What this task involves: Leave the pictures out, and transcribe the material below exactly from the line with "女子向けラノベタイトル風あだ名 | 『首の姫と首なしプレゼントリーパレス』 |" to the line with "Sensori o trasmettitori", both lines included.

Task input:
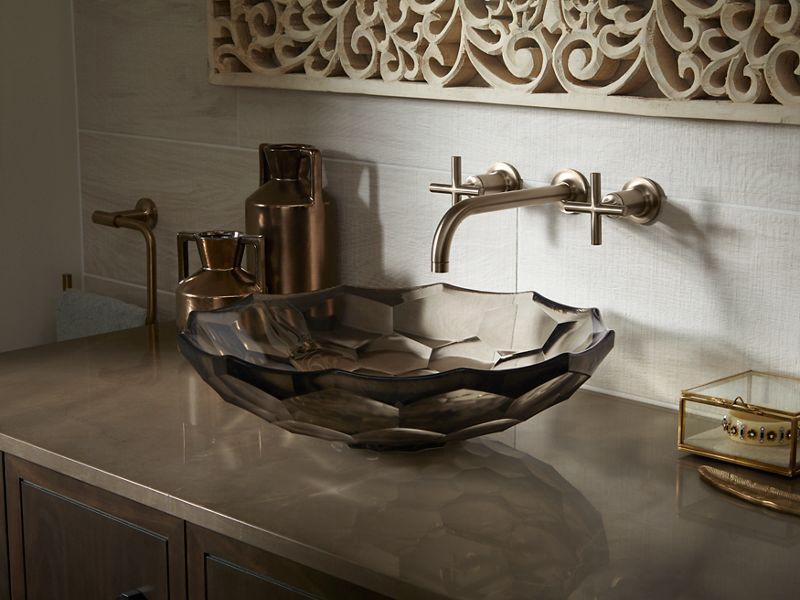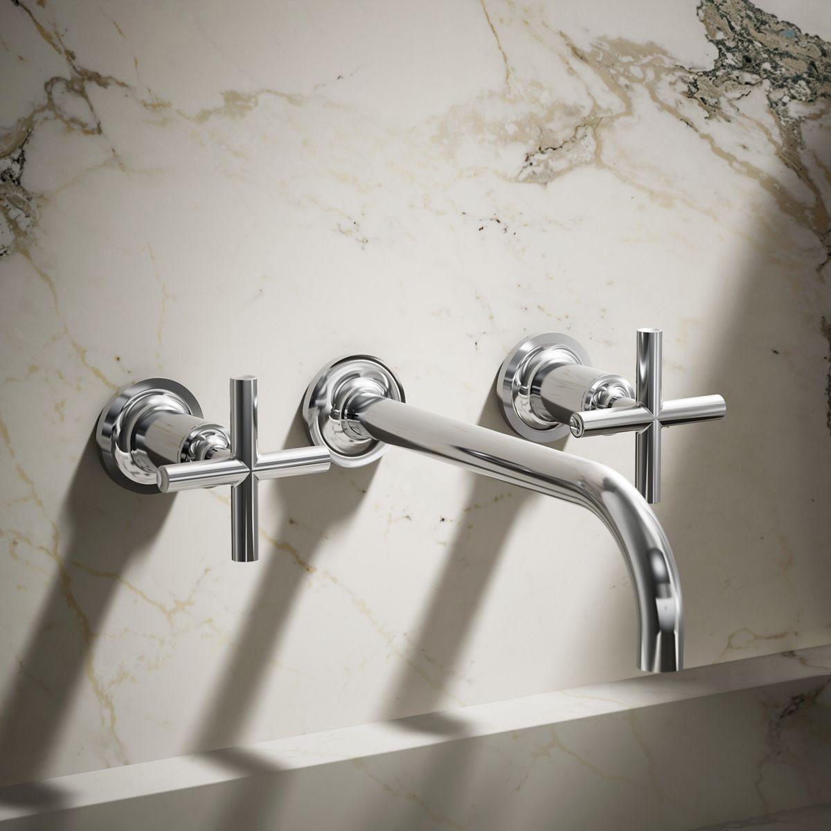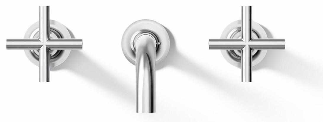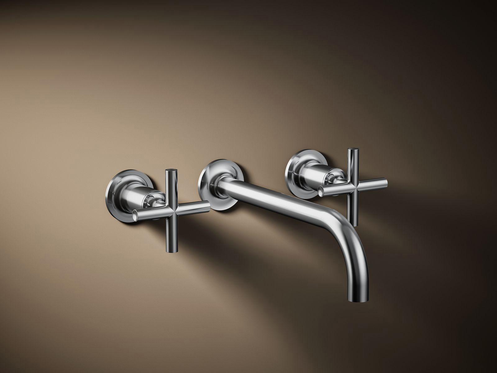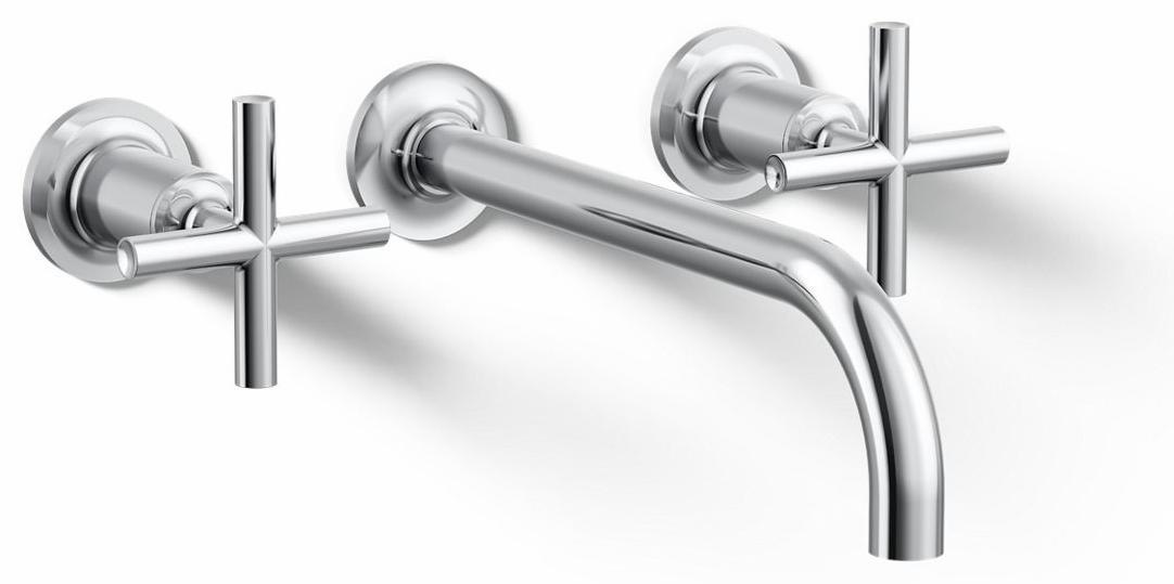 Capturing the style of minimalist design, Purist faucets deliver streamlined water control. This sink faucet trim features a 90-degree angled spout and cross handles for easy operation. The convenient wall-mount design provides a clutter-free countertop in your bath or powder room. When paired with two-handle ceramic disc valves, this trim offers optimal performance.
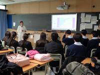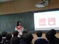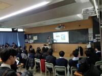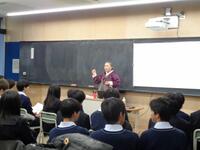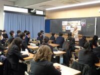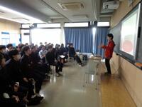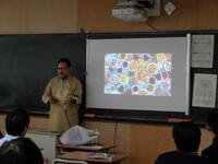 続いて、荏原先生より「人が想像できることは必ず実現できる~発展途上国医療への挑戦~」について研究の内容とともに話されました。材料科学や、現在研究されているスマートポリマーを医療に活用させようとする試みについて生徒に話されました。生徒は、相づちを打ちながら真剣に話を聞いていました。
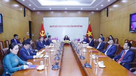 (VOVWORLD) -7月18日,越共中央政治局委员、中央书记处书记、中央组织部部长张氏梅与中共中央政治局委员、中央书记处书记、中央组织部部长、中共中央党校校长陈希通电话。
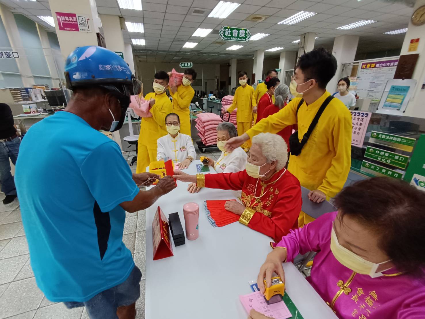 昊天金闕今(7)日到台南市鹽水、白河、新營等三地區辦理聞聲救苦活動。台南市新營區正好是「昊天金闕」聞聲救苦活動全國進行到第150個鄉鎮市區,今天下午在新營區公所發放新營區鄉親(低收入戶)二百多戶,昊天金闕師兄姐及新營區區長翁振祥地方仕紳均在場協助,見證並分享這一溫暖時刻。
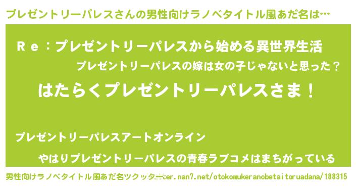| 女子向けラノベタイトル風あだ名 | 『首の姫と首なしプレゼントリーパレス』 |
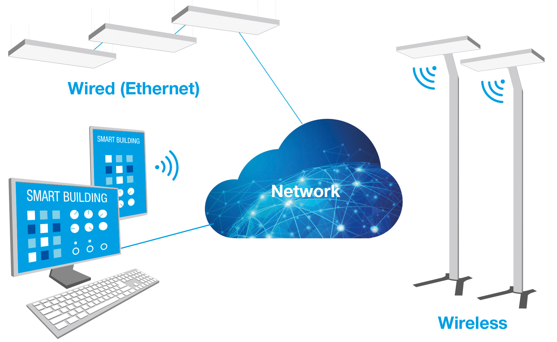 Sensori o trasmettitori di segnali posti nei corpi illuminanti raccolgono dati poi memorizzati in un cloud e trasmessi ai sistemi tecnici: riscaldamento, ventilazione, tapparelle, sistema di sicurezza e comandi della luce.
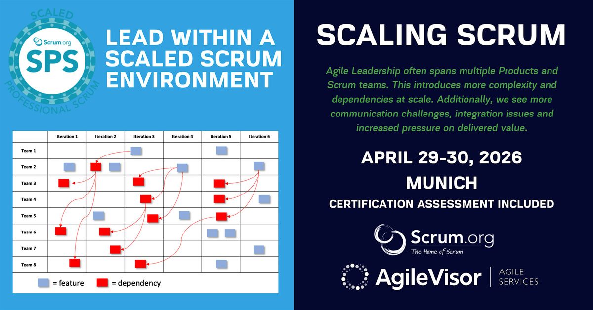In this 2-day Scaled Professional Scrum (SPS) workshop, students will simulate a large software development project using the Nexus™ framework. The workshop is delivered using an end-to-end case study where students work together to organize and simulate a scaled software development project. Throughout the workshop, students will be introduced to more than 50 practices that can be used to help reduce complexity and dependencies at scale.

Exercise answer:
| 女子向けラノベタイトル風あだ名 | 『首の姫と首なしプレゼントリーパレス』 |
 Sensori o trasmettitori di segnali posti nei corpi illuminanti raccolgono dati poi memorizzati in un cloud e trasmessi ai sistemi tecnici: riscaldamento, ventilazione, tapparelle, sistema di sicurezza e comandi della luce.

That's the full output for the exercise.